# Cambio de transistor horizontal con diodo Damper por otro que no lo tenga



## alexander1984 (May 22, 2017)

Buenas a todos los foreros, mi pregunta es la siguiente, se puede sustituir un transistor de salida horizontal que tenga interno diodo damper por otro que no lo tenga y viceversa? ...


----------



## DOSMETROS (May 22, 2017)

Transistor sin damper se puede reemplazar por otro con damper

Transistor con damper se reemplaza por uno sin damper , mas un damper exterior


----------



## alexander1984 (May 22, 2017)

Saludos DOSMETROS, como es que se convierte un transistor sin damper a uno con damper, que tipo de diodo es el que se puede utilizar y como quedaría la fabricación.

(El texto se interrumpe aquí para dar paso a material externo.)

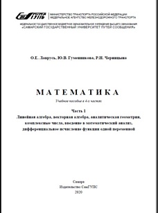 Лаврусь, О.Е. Математика. Часть 1. Линейная алгебра, векторная алгебра, аналитическая геометрия, комплексные числа, введение в математический анализ, дифференциальное исчисление функции одной переменной : учебное пособие / О. Е. Лаврусь, Ю. В. Гуменникова, Р. Н. Черницына. — Самара : СамГУПС, 2020. — 124 с. — Текст : электронный // УМЦ ЖДТ : электронная библиотека. — URL: https://umczdt.ru/books/1016/263541/ (дата обращения 21.01.2026). — Режим доступа: по подписке.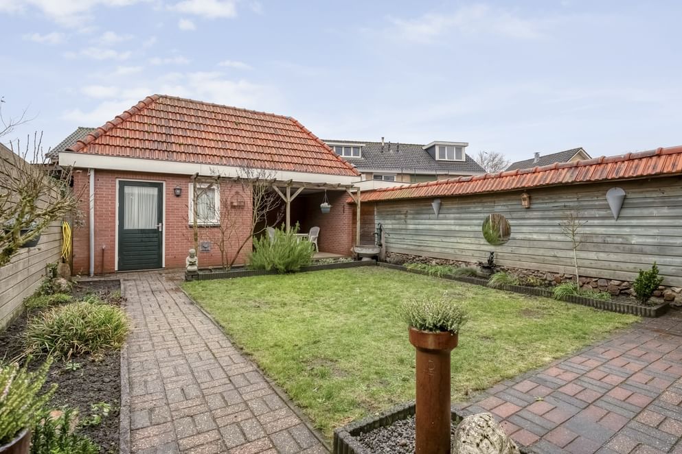 De achtertuin is gelegen op het zuidwesten en biedt veel privacy en zon. De tuin is verzorgd aangelegd, biedt voldoende ruimte om te zitten én heeft een achterom. Hier geniet je de hele dag door van een rustige en groene omgeving. Achterin de tuin is een ruime in spouw gebouwde stenen berging met vliering, bergruimte en overdekt terras te vinden. Dit maakt de ruimte uitermate geschikt als hobby of klusruimte!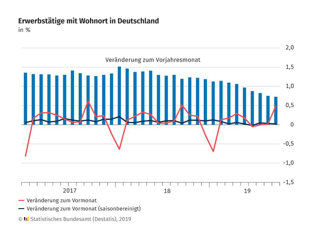 Im September 2019 waren nach Berechnungen des Statistischen Bundesamtes (Destatis) 45,3 Millionen Personen erwerbstätig. Gegenüber September 2018 nahm die Zahl der Erwerbstätigen um 0,7 Prozent zu (+327.000 Personen).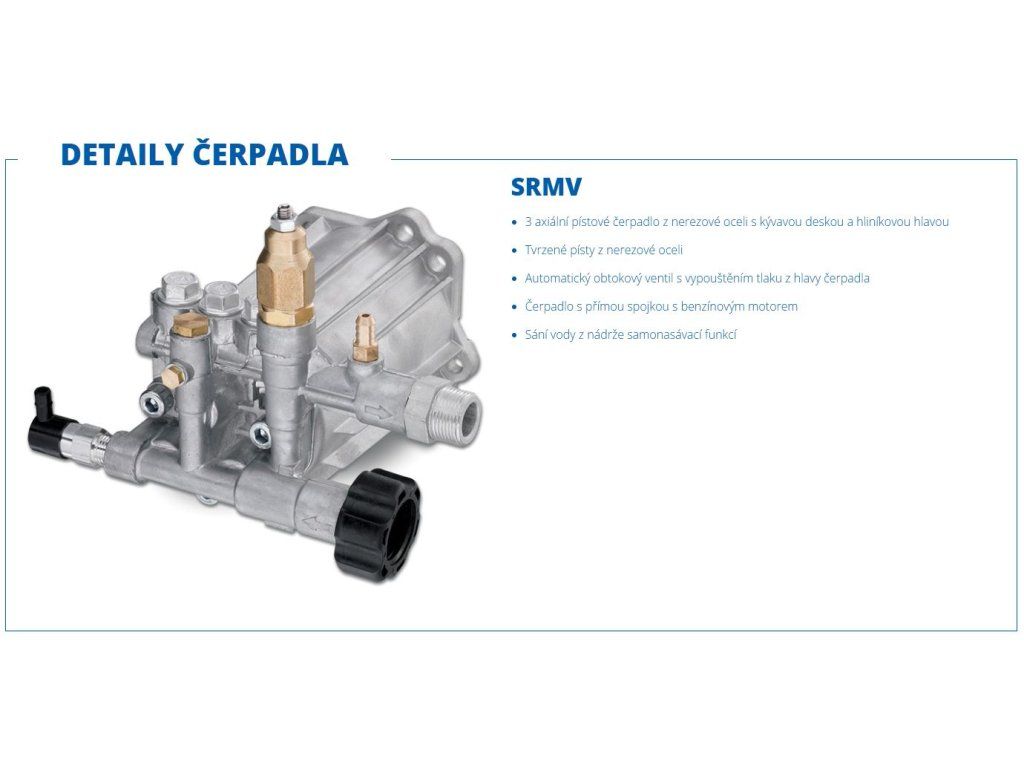 Klíčovým prvkem celého zařízení je čerpadlo SRMV. Jde o 3 axiální pístové čerpadlo z nerezové oceli s kývavou deskou a hliníkovou hlavou. Tato konstrukce je vhodná pro výkonná zařízení určená pro náročnější práci než běžné hobby modely. Hliníková hlava přispívá k rozumnému poměru mezi odolností a hmotností, zatímco tvrzené písty z nerezové oceli podporují dlouhodobou mechanickou odolnost při provozu.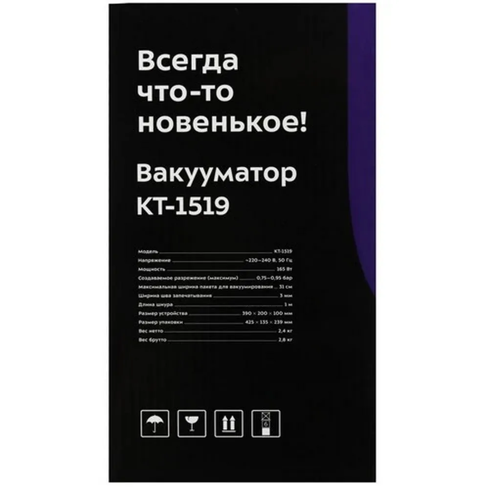 Вакуумный упаковщик Kitfort КТ-1519 - характеристики и описание, фото и цены представлены на карточке товара. Для того чтобы купить товар по цене 7990 руб., вам надо позвонить по телефону 8(495)137-52-98 в Москве, или оформить покупку в личном кабинете.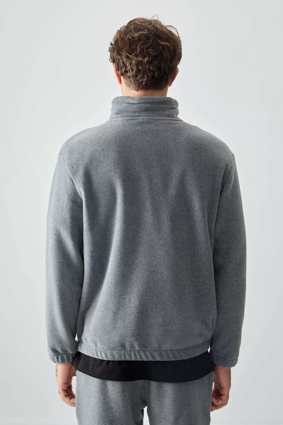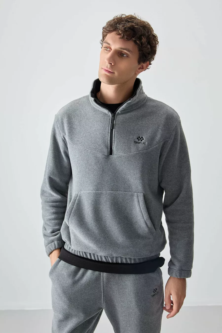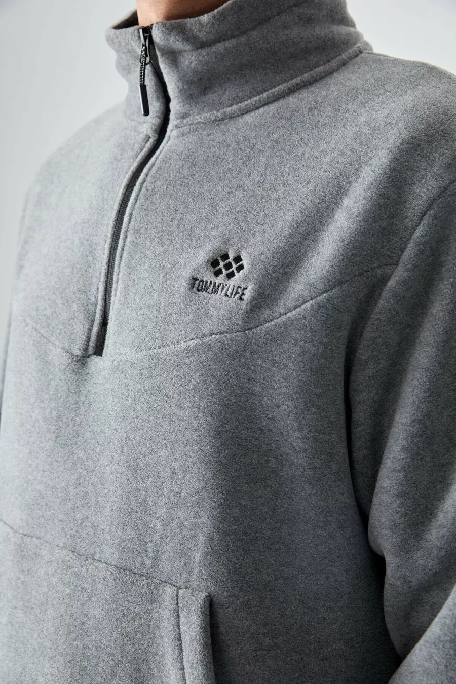 Grijs gemêleerd trainingspak voor heren met halve rits, rechte kraag en elastische boorden -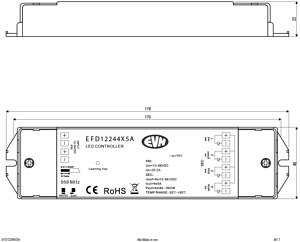 Der LED-Multicolor-Empfänger kann für Unicolor-, Tunable-White-, RGB-, und RGBW-Leuchten verwendet werden. Geeignet für Leuchten mit einer Betriebsspannung von 12, 24 und 36V/DC. Die tatsächlich zu verwendende Eingangsspannung ist abhängig von der benötigten Spannung der angeschlossenen Leuchten. 1x Eingang, so wie 1x Ausgang für 12-36V/DC und 4x Ausgang (RGBW). Die Schraubklemmen sind für Kabel von 0,5mm² - 1,5mm² geeignet. Technische Daten: ta: -20°C - 50°C, tc: 75°C, max. Ausgangsleistung je Kanal: 5A (60W bei 12V/DC, 120W bei 24V/DC und 180W bei 36V/DC). Die Ansteuerung erfolgt über Funk-Sender mit 868MHz. Um auch größere Anlagen problemlos umsetzen zu können, können mehrere Controller als Master-Slave-Anwendung synchron gesteuert werden.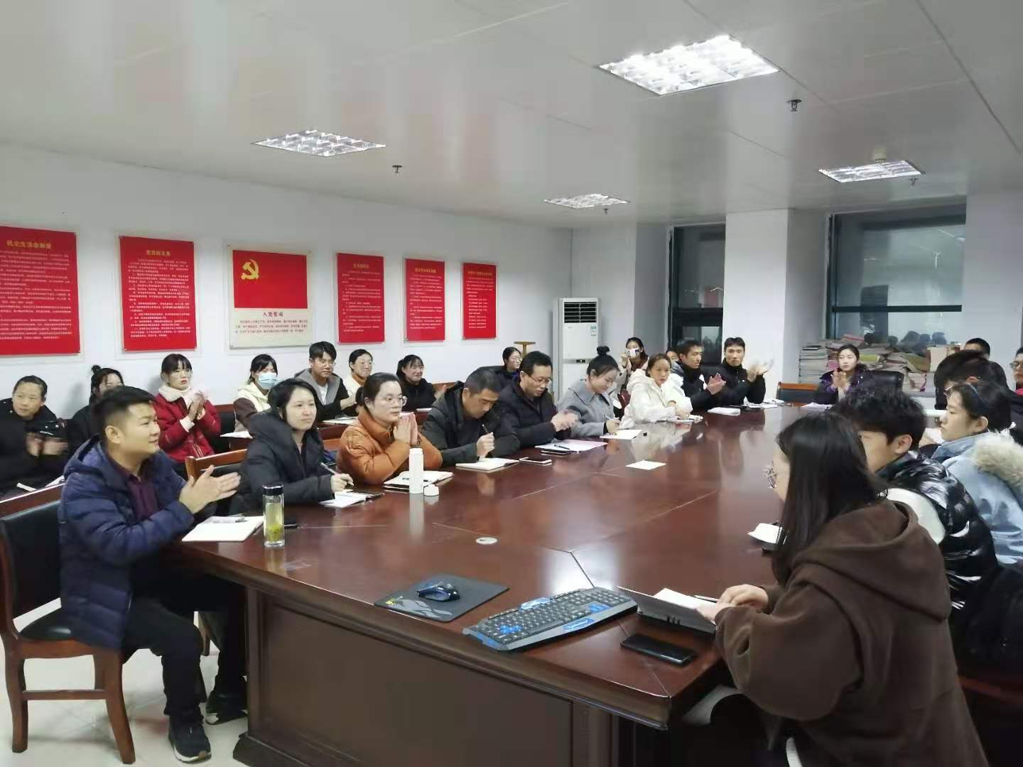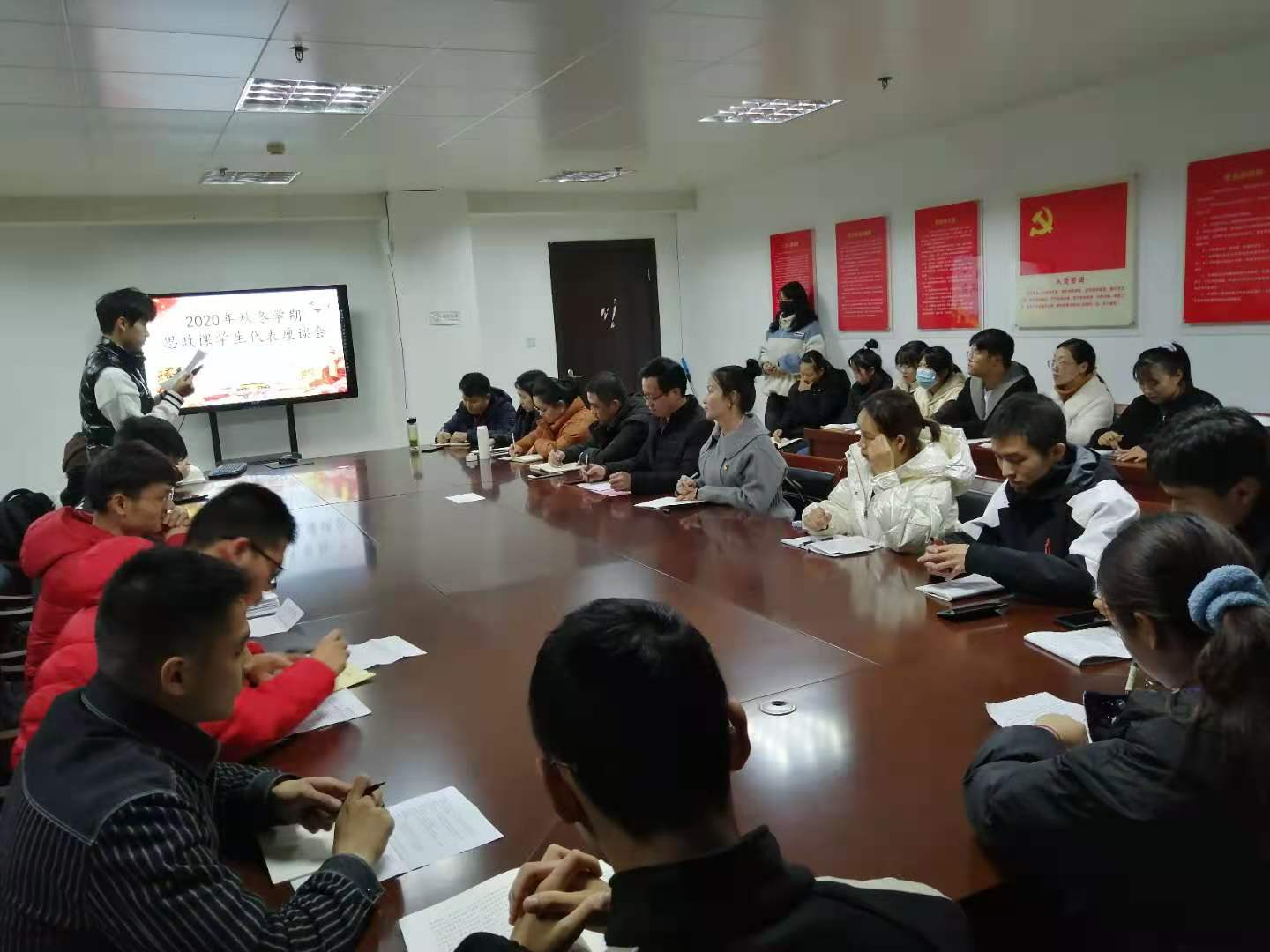 为及时了解和把握思政课教育教学情况,进一步加强教学管理,不断提高教学针对性和实效性。马克思主义学院思想道德修养与法律基础教研室于2020年11月22日晚在行政楼304会议室举行了2020年秋冬学期思政课学生代表座谈会。马克思主义学院副院长周俊、思修课教师及27名学生代表参加座谈会,教研室主任姚鑫宇主持座谈会。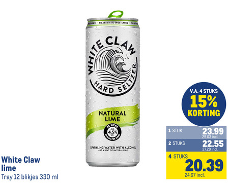 hard seltzer 12 15 330 white claw lime tray blikjes ml artificial sweeteners natural kca 100ml stuk stuks v.a. sparkling water with alcohol and hint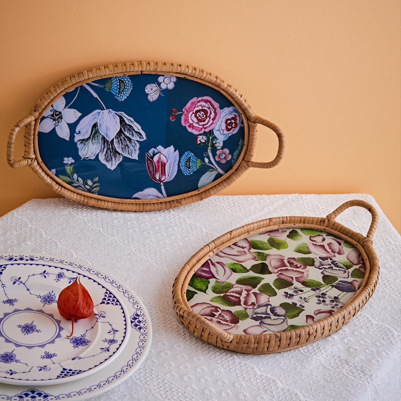 (Orphan) Plant Love Rattan Tray Nordic Handmade Storage Basket Indonesia Imported Tray Household Kitchen Appliances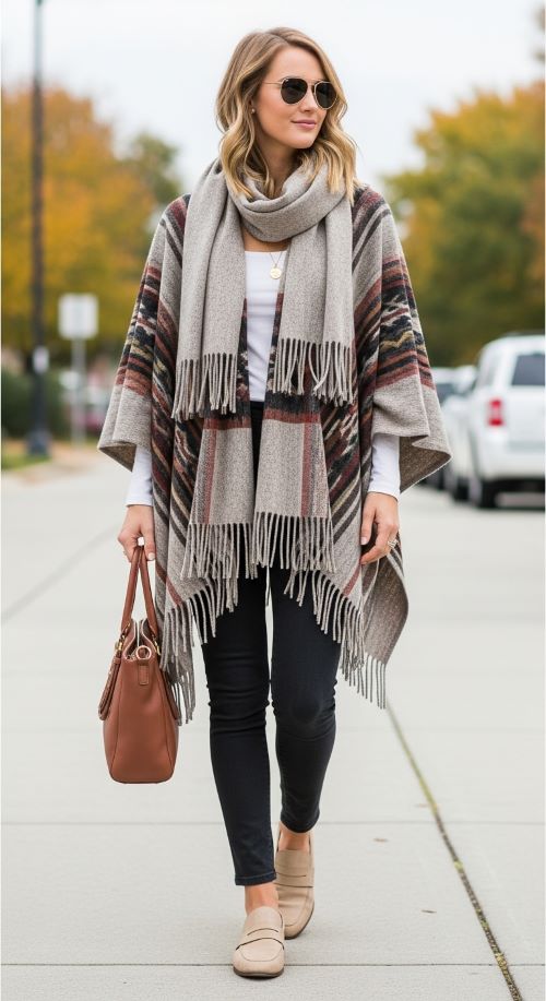 Ponchos are stylish and practical for fall. Layer over a fitted top and skinny pants to balance the loose silhouette. Neutral shades work well, but adding a patterned poncho can make the look pop. Boots or loafers complete the outfit. DIY tip: fringe an old scarf to create a new poncho quickly. Great for weekend markets or casual strolls, this look is simple and comfortable.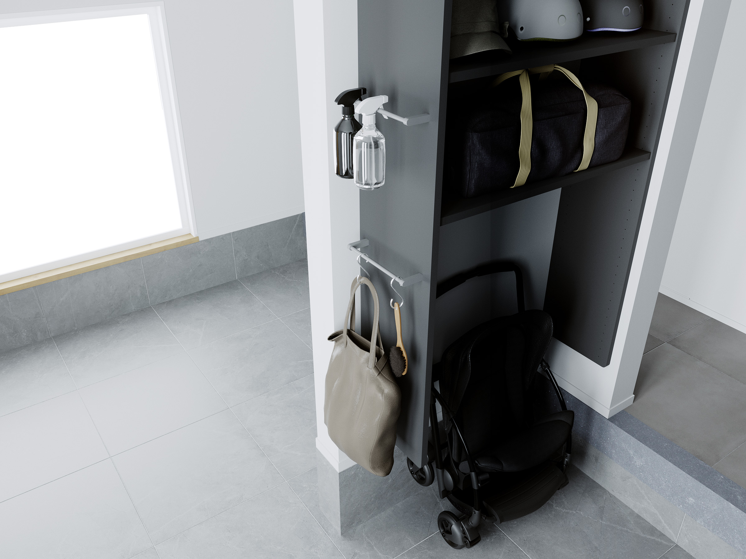 棚板「アートランバー」やクローゼット収納「ウォールゼット ノエル3」、キッチンバック収納「フリモ」、ニッチ収納「アドキューブ」と同色展開しており、住宅の収納プランをトータルにコーディネートでき、統一感のあるインテリアを実現します。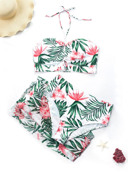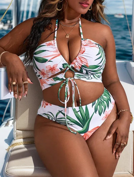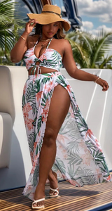 Plus Tropical Print Bikini 3 Piece Bathing Suit White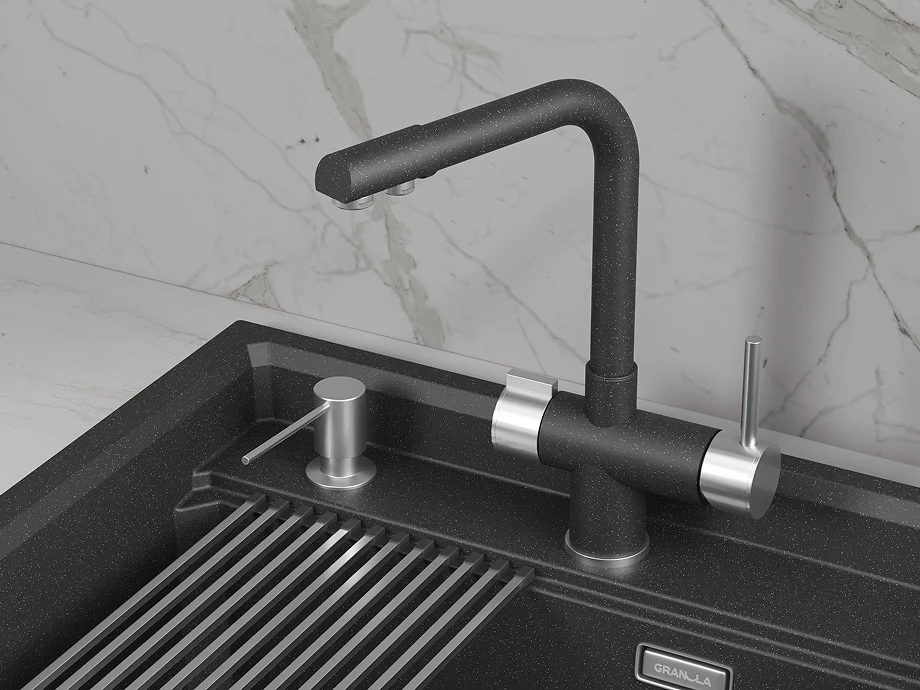 Смеситель для кухни Granula 5008, ЧЁРНЫЙ с подключением к фильтру, черный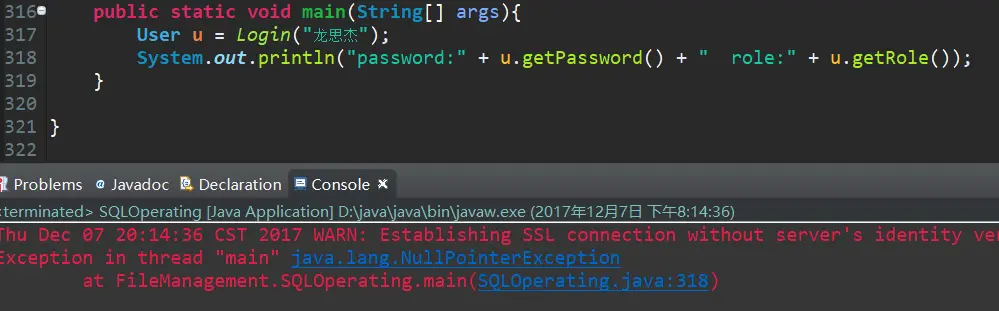 我是用我的名字做的查询,NullPointerException,很明显,没有用我的名字查到对应的数据,而数据库中是存在的。这是为什么呢?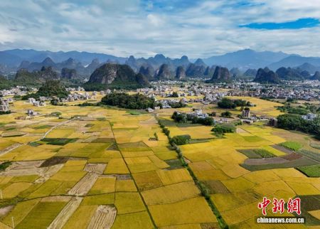10月23日,在广西贺州市平桂区黄田镇英石村,广袤的田园里稻浪翻涌,农民抢抓有利天气收割晚稻,一幅壮美的秋收画卷徐徐展开。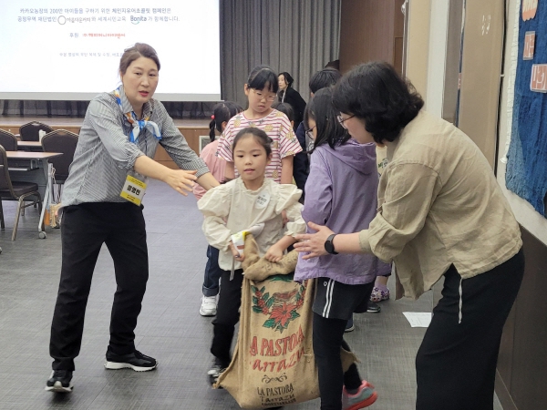 어린이들이 사생대회를 하는 동안 학부모는 커피브루잉으로 공정무역을 체험하고, 사생대회를 마친 어린이들도 10kg이 넘는 카카오자루를 끌어보며 카카오 농장에서 일하는 아이들의 가혹한 노동환경을 직접 경험해보기도 했다.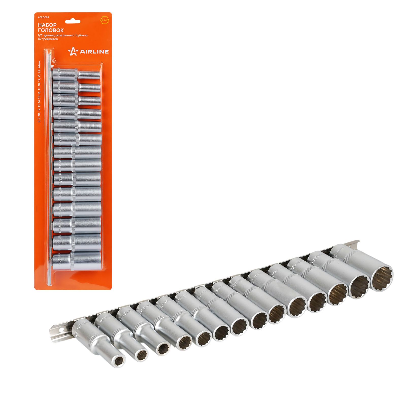 Набор головок 1/2" двенадцатигранных глубоких 14пр. (8-24мм) (ATAO089)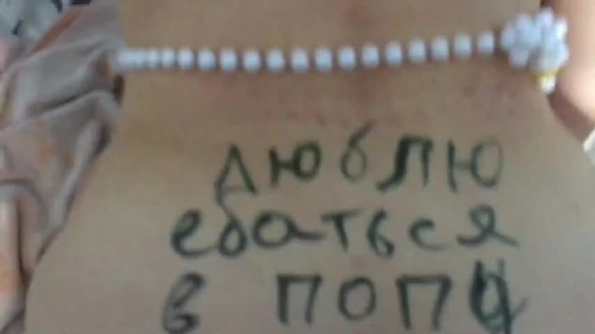 Мужик ебет шлюху в жопу и пишет надписи на её теле. Потом она садится очком на самотык и сосет его кол, а далее они самоудовлетворяются на глазах друг друга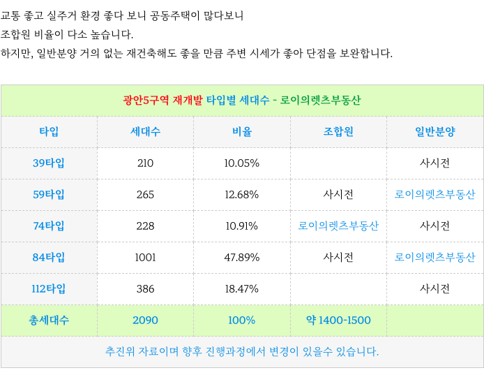 역세권 광안5구역 재개발 현 계획 타입별 세대수를 소개 드리겠습니다.

Saludos


----------



## DOSMETROS (May 22, 2017)

Iría conectado exactamente cómo indica el datasheet :














https://es.scribd.com/doc/57118298/Diferencia-Entre-Un-Transistor-Horizontal-Con-DAMPER-Y-SIN-DAMPER


----------



## alexander1984 (May 22, 2017)

DOSMETROS, me queda claro el valor de la resistencia B-E con su valor de 50 ohms, busqué el tipo de diodo que aparece en el datasheet y no aparece nada, le puedo poner por ejemplo el 1N4007 ó el 1N 4148?


----------



## DOSMETROS (May 22, 2017)

No , debe ser un díodo rápido para alta corriente de pico y alta tensión 

BY228


----------



## alexander1984 (May 22, 2017)

Disculpa DOSMETROS, pero sabes que acá es extremadamente dificil encontrar o comprar componentes porque no hay donde hacerlo, lo que está en mis manos es encontrar uno similar en alguna placa de TV u otra, si me pudieras decier donde es que aparecen normalmente esos diodos me sería muy útil.


----------



## DOSMETROS (May 22, 2017)

Por eso , u otro damper , o un díodo rápido-fast de al menos 1000 V 3 A

UF5408

Fijate entre los Fast Recovery o Ultra-Fast Recovery 

http://www.google.com.ar/url?sa=t&r...es.pdf&usg=AFQjCNHR7NlTcxTy261H7rLBWVKmp-DoKQ


----------



## alexander1984 (May 22, 2017)

Gracias por la ayuda


----------



## pandacba (May 22, 2017)

El diodo deberia tener al mismo la misma tensión del transistor ya que los picos suelen segun esquemas superar los 1000V y hay que tener algo de margen por cualquier cosa.
Habría que fijarse en algún otro TR que tenga las mismas carácteristicas por ejemplo en la familia philips o si no ver que TR con damper se consigue

También es posible poner dos en serie ecualizandolos con sendos capacitores


----------